Morreu na madrugada desta quarta-feira (4), aos 92 anos, a arqueóloga Niéde Guidon, referência mundial em arqueologia e protagonista de descobertas que mudaram a compreensão sobre o povoamento do continente americano. Ela estava em São Raimundo Nonato, no Piauí, cidade que adotou como lar e transformou em um dos centros arqueológicos mais importantes do mundo.
Niéde liderou por décadas as escavações no Parque Nacional da Serra da Capivara, onde foram encontrados fósseis e artefatos que, segundo suas pesquisas, indicam que os primeiros humanos chegaram às Américas há mais de 50 mil anos — o que contraria a teoria tradicional, que fixa esse processo em cerca de 12 mil anos. As evidências levantadas por sua equipe colocaram o Brasil no epicentro de um intenso debate científico internacional.
Além das contribuições à ciência, Niéde foi incansável na defesa da preservação da Serra da Capivara. Criou o Museu do Homem Americano e lutou, até os últimos anos de vida, por políticas públicas, financiamento e reconhecimento institucional. Em mais de quatro décadas de atuação, foi responsável por proteger mais de 1.200 sítios arqueológicos e por promover o desenvolvimento da região do semiárido piauiense, impactando a educação, o turismo e a economia local.
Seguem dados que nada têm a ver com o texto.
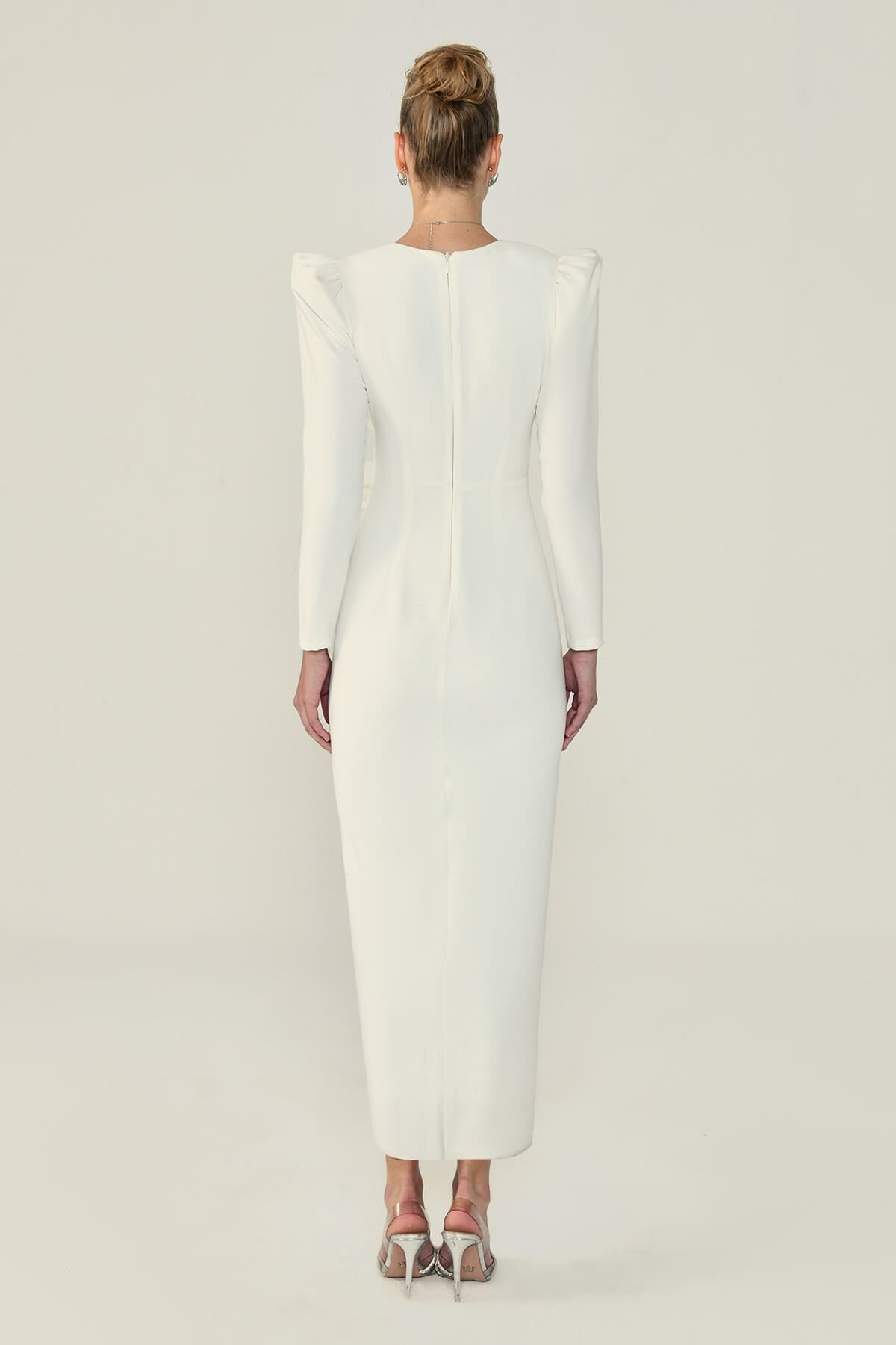 V Yaka Uzun Kollu Yırtmaçlı Uzun Elbise
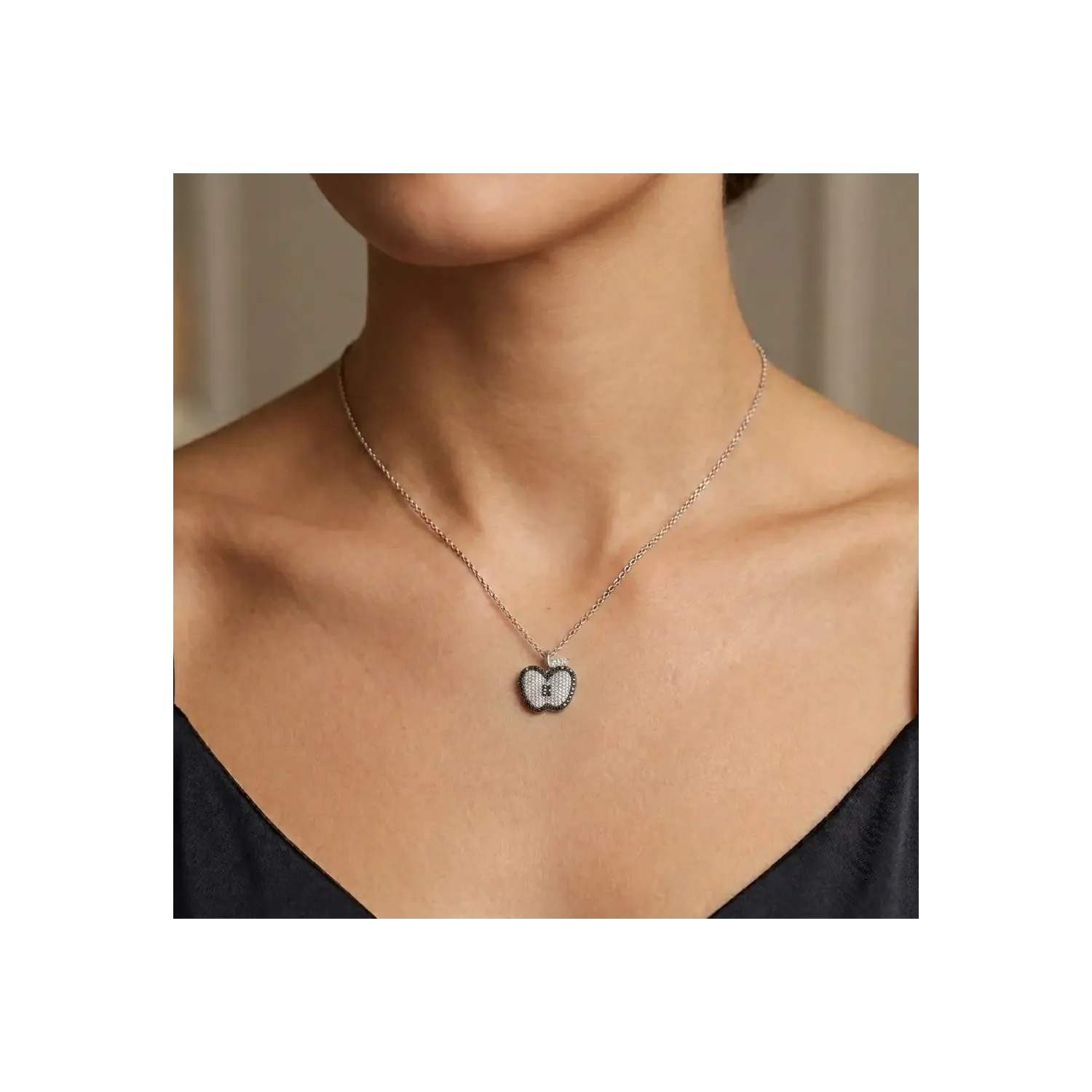 This original 18kt white gold necklace features a sophisticated apple-shaped pendant, an iconic design that combines classic symbolism and contemporary style. The jewel plays on a sophisticated color contrast: one section is illuminated by white brilliant-cut diamonds (0.27 ct), while the remaining section is defined by a pavé of black diamonds (0.20 ct).

“Ela apresentou a Serra da Capivara ao mundo e marcou a nossa história como uma guardiã incansável de um Brasil ancestral”, afirmou Maéve Melo, secretária de Educação de Juazeiro, em nota de pesar. “Niéde será sempre inspiração de coragem, paixão e sabedoria.”
A Prefeitura de São Raimundo Nonato também prestou homenagem: “Recebemos a triste notícia da partida da nossa querida Niéde Guidon, uma gigante da ciência brasileira e parceira da Univasf. Como professora da Universidade, tive a oportunidade de conhecer e admirar o seu trabalho de perto. Arqueóloga brilhante, Niéde desafiou paradigmas e revelou novos caminhos para compreender o povoamento das Américas.”
Nascida em Jaú (SP) em 1923, Niéde Guidon formou-se em História Natural pela Universidade de São Paulo (USP), com doutorado na França. Trabalhou em instituições de prestígio internacional antes de se dedicar quase integralmente ao Brasil pré-histórico.
Nos últimos anos, Guidon vinha alertando para o abandono do Parque Nacional da Serra da Capivara, patrimônio cultural da humanidade reconhecido pela Unesco. Ainda assim, manteve sua rotina de trabalho e seguia ativa nos projetos de pesquisa e conservação.
Niéde Guidon deixa um legado incomparável à arqueologia brasileira, à proteção do patrimônio histórico e à valorização da ciência como ferramenta de transformação social. Sua história ficará registrada não apenas nos livros, mas nas rochas e pinturas que ajudou a revelar — e nas gerações de pesquisadores que inspirou.